-- INFORMATION GIVEN follows --
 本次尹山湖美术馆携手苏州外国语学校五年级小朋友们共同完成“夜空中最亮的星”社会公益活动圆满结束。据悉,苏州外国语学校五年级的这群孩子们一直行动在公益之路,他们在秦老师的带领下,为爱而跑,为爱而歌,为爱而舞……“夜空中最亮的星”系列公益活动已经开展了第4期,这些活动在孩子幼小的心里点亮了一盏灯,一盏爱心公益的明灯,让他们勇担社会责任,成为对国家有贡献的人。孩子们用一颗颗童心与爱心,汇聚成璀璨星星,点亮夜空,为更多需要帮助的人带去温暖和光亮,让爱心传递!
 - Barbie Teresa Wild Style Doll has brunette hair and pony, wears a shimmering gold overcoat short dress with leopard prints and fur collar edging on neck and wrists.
-- INFORMATION GIVEN concluded --
-- INFORMATION GIVEN follows --
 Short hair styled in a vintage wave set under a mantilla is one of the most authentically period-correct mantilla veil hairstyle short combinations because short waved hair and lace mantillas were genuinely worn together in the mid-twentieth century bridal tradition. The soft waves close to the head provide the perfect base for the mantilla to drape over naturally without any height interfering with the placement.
-- INFORMATION GIVEN concluded --
EXERCISE DETAILS: Give nothing but the count of lines in the listing above that hold the string "short".

EXERCISE ANSWER: 2